An emerging pathogen in cannabis

Curly top disease affects numerous commercially important hosts, including common bean (Phaseolus vulgaris), cucumber (Cucumis sativus), industrial hemp (Cannabis sativa), pepper (Capsicum annuum), potato (Solanum tuberosum), spinach (Spinacia oleracea), squash and pumpkin (Cucurbita pepo), sugar and table beet (Beta vulgaris) and tomato (Solanum lycopersicum). This disease is caused by Beet Curly Top Virus (BCTV), a Curtovirus (family Geminiviridae), existing as a complex of strains differentiated genotypically, causing symptomology on the hosts mentioned above. Additionally, strains of BCTV are known to infect more than 300 species of plants in no fewer than 44 families, many of which are asymptomatic, weedy hosts.

Symptomology of Beet Curly Top Virus was first observed in the late 19th century in the western U.S. on sugar beets.  It was, however, not recognized as being caused by a specific pathogen until 1915, when leafhopper transmission was proven, and viral etiology was proposed.  Since then, BCTV has spread throughout North America where hosts are cultivated, including several states in the American West and Southwest, southwestern Canada and Mexico. Furthermore, BCTV has been identified in parts of South America and several countries in the Mediterranean basin.  All strains of BCTV are considered pathogens of quarantine importance in Canada, Israel, Mexico and the European Union.

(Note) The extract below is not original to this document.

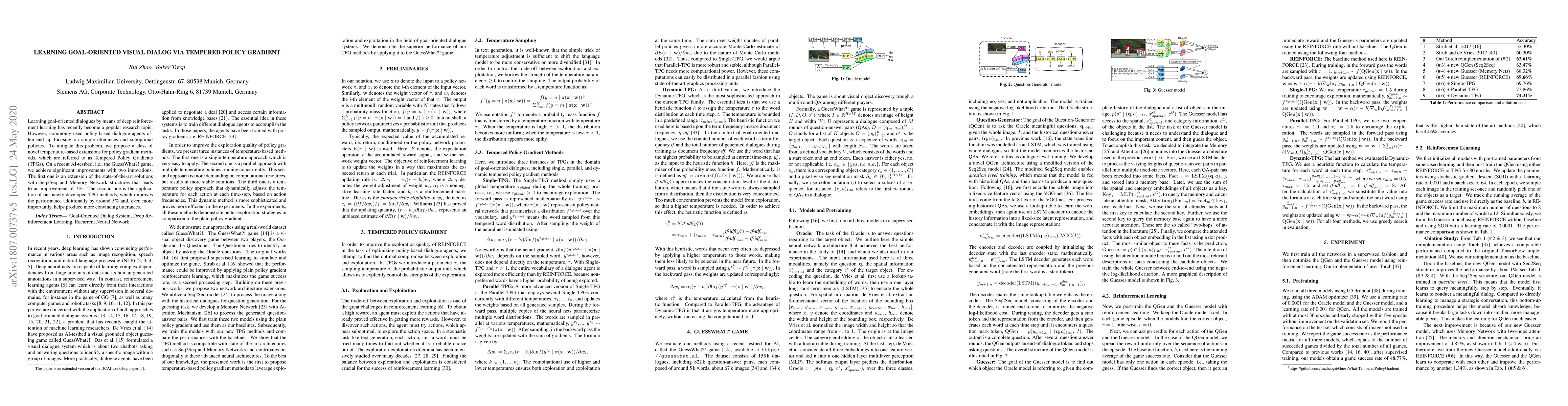 Learning goal-oriented dialogues by means of deep reinforcement learning has recently become a popular research topic. However, commonly used policy-based dialogue agents often end up focusing on simple utterances and suboptimal policies. To mitigate this problem, we propose a class of novel temperature-based extensions for policy gradient methods, which are referred to as Tempered Policy Gradients (TPGs). On a recent AI-testbed, i.e., the GuessWhat?! game, we achieve significant improvements with two innovations. The first one is an extension of the state-of-the-art solutions with Seq2Seq and Memory Network structures that leads to an improvement of 7%. The second one is the application of our newly developed TPG methods, which improves the performance additionally by around 5% and, even more importantly, helps produce more convincing utterances.

Whitney Cranshaw, Colorado State University,

Beet Curly Top Virus is transmitted efficiently by the beet leafhopper, Circulifer tenellus (Order Hemiptera), in a persistent circulative manner.  The virus can be acquired within minutes of feeding, and insects are known to remain viruliferous for up to a month. Beet Curly Top Virus is phloem-limited, and the leafhopper must feed on infected phloem to acquire and transmit the virus to healthy plants. Circulifer tenellus is the only known vector in North America; however, in Europe, C. opacipennis is also known to vector the virus. The robust dynamics of the host-virus-vector relationship facilitate epidemics in parts of the world where leafhopper populations are high.  Furthermore, the movement of infected propagative materials can spread the virus across great distances. Mechanical transmission through infected plant sap has been accomplished under experimental conditions. Nevertheless, this scenario is not thought to contribute to the epidemiology of naturally occurring curly top infections.  Seed transmission of BCTV is not known to occur in the host species listed above.     

Symptoms of curly top disease vary according to host and are typically more severe when plants are infected at earlier growth stages; many plants die before reaching maturity.  Symptoms of curly top include stunted and distorted plant growth; leaf curling, crumpling, yellowing, vein swelling and distortion; and necrosis and hyperplasia of the phloem (figure 1.) On beets, phloem tissue becomes necrotic, and exudate appears on the leaf surface. On tomato and pepper, fruit set is greatly diminished, and fruit that does form ripens prematurely.  Furthermore, veins become purple.

Fig. 1 Symptoms of Beet curly top virus infection on tomato. Image courtesy of Whitney Cranshaw, Colorado State University,

Industrial hemp has reemerged as an important crop within several U.S. states, due to federal legalization and the demand for fiber, seed and cannabidiol.  As production has increased, the list of disease organisms infecting this crop has grown to include several fungal, bacterial, viral and viroid pathogens.  Beet curly top virus has been confirmed infecting industrial hemp and appears to be widespread on this crop throughout regions where vectors are present. “When growing outdoors, industrial hemp is more susceptible to such vectors and thus to be infected,” says Robert Emmit of Agdia. “Yet, such vectors can also find their way into greenhouses. For instance, a cutting or a clone might be infected, and when that is introduced into the cultivation, it may spread to the entire grow room.” There is a scarcity of research on this specific pathosystem; however, the understanding of the epidemiology of BCTV on cannabis is burgeoning, along with the crop.  Symptoms of infection on industrial hemp include stunting, leaf deformation and chlorosis (figure 2.).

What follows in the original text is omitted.